• Your goal: With the line containing "песок содержит 35%" as the start and the line containing "Candela di soia" as the end, transcribe that span of the entries below exactly, including both.

• Given records:

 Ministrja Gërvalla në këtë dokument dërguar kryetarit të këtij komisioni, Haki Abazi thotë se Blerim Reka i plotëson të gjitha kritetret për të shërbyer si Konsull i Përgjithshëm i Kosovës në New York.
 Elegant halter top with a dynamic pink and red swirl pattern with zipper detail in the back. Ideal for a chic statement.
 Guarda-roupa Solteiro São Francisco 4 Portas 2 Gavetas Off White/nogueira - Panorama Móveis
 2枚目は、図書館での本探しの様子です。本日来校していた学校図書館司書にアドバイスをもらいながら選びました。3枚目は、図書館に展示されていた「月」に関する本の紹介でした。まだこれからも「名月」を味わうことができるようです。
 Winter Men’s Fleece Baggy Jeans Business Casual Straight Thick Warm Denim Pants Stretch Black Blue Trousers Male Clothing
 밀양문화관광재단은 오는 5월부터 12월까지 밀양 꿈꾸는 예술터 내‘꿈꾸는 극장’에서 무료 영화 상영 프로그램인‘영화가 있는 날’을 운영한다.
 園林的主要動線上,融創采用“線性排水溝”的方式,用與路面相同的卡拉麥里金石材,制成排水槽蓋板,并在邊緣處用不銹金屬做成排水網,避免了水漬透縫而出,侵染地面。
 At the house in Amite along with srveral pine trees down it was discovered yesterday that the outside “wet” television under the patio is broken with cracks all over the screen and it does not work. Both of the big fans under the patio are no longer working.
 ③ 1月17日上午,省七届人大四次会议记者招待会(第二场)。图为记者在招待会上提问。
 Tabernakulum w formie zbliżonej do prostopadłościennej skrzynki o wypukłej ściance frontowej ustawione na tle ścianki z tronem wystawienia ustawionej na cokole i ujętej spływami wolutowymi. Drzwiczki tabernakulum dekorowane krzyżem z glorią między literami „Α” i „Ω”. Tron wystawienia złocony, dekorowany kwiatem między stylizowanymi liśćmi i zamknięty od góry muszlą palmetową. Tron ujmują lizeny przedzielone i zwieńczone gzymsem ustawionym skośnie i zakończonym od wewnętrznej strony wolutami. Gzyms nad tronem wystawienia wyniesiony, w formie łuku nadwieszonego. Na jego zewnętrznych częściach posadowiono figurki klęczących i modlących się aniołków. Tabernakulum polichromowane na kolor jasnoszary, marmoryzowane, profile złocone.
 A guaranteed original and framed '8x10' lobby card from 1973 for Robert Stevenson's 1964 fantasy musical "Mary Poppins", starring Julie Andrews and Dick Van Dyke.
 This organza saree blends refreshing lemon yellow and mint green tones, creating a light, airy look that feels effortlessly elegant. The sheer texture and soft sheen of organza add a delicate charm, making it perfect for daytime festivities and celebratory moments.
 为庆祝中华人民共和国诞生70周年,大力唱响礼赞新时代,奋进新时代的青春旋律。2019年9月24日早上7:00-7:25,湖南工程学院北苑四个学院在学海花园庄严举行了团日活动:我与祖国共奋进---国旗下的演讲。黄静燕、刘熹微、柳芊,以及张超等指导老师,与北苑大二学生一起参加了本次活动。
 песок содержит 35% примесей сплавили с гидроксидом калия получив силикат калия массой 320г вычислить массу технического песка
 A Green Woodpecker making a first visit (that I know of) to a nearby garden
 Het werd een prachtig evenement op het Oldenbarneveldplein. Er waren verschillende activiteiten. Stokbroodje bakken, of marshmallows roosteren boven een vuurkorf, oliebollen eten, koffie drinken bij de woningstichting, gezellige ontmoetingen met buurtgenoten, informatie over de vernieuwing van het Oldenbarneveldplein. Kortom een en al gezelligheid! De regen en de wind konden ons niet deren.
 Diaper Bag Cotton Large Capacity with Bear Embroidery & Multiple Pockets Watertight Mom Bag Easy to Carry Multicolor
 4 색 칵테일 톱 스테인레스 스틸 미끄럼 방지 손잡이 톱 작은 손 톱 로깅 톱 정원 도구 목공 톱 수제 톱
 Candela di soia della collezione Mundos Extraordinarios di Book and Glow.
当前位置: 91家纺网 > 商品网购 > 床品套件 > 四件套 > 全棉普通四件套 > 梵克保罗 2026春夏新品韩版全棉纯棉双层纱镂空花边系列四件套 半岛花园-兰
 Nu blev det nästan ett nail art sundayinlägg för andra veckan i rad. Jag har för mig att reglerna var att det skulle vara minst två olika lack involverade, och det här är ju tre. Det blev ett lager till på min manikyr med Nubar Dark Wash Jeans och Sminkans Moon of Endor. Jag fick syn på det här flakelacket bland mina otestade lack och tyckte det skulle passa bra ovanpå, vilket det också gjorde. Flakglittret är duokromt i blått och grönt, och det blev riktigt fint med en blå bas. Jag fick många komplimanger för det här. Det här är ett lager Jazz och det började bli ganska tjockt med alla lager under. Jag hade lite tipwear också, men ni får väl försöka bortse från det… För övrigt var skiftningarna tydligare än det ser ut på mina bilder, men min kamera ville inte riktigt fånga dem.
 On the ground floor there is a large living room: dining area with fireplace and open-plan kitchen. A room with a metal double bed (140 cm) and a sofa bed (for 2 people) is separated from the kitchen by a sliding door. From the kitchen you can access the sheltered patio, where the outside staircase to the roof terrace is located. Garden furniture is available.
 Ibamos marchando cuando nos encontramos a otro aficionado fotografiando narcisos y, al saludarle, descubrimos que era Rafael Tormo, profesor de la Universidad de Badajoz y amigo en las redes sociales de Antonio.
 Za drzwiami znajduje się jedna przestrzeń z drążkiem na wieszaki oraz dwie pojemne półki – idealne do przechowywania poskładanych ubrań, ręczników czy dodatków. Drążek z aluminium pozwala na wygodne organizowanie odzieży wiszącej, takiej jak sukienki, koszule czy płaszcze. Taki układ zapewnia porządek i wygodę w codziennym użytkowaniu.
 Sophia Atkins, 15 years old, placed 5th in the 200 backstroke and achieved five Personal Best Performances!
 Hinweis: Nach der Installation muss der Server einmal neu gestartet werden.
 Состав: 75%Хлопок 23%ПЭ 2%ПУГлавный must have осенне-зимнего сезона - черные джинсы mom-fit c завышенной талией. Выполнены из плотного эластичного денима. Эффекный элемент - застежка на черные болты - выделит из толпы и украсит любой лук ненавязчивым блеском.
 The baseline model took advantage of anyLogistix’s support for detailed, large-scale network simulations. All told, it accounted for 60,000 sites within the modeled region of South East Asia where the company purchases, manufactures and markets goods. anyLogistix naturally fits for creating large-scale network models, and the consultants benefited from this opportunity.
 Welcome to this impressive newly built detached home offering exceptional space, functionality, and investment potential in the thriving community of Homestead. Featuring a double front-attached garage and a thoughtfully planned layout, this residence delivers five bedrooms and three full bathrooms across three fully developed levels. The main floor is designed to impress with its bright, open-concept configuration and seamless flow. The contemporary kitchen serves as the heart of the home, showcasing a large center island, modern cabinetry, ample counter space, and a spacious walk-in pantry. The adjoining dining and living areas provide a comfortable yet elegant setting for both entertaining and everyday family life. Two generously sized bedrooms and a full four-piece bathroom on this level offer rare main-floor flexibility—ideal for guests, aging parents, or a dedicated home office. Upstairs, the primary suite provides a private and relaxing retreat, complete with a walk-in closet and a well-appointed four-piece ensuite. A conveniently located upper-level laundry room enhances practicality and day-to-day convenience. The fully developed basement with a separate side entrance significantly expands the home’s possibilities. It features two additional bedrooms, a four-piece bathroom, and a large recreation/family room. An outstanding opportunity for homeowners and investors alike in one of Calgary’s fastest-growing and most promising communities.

• Solution for this task:
 песок содержит 35% примесей сплавили с гидроксидом калия получив силикат калия массой 320г вычислить массу технического песка
 A Green Woodpecker making a first visit (that I know of) to a nearby garden
 Het werd een prachtig evenement op het Oldenbarneveldplein. Er waren verschillende activiteiten. Stokbroodje bakken, of marshmallows roosteren boven een vuurkorf, oliebollen eten, koffie drinken bij de woningstichting, gezellige ontmoetingen met buurtgenoten, informatie over de vernieuwing van het Oldenbarneveldplein. Kortom een en al gezelligheid! De regen en de wind konden ons niet deren.
 Diaper Bag Cotton Large Capacity with Bear Embroidery & Multiple Pockets Watertight Mom Bag Easy to Carry Multicolor
 4 색 칵테일 톱 스테인레스 스틸 미끄럼 방지 손잡이 톱 작은 손 톱 로깅 톱 정원 도구 목공 톱 수제 톱
 Candela di soia della collezione Mundos Extraordinarios di Book and Glow.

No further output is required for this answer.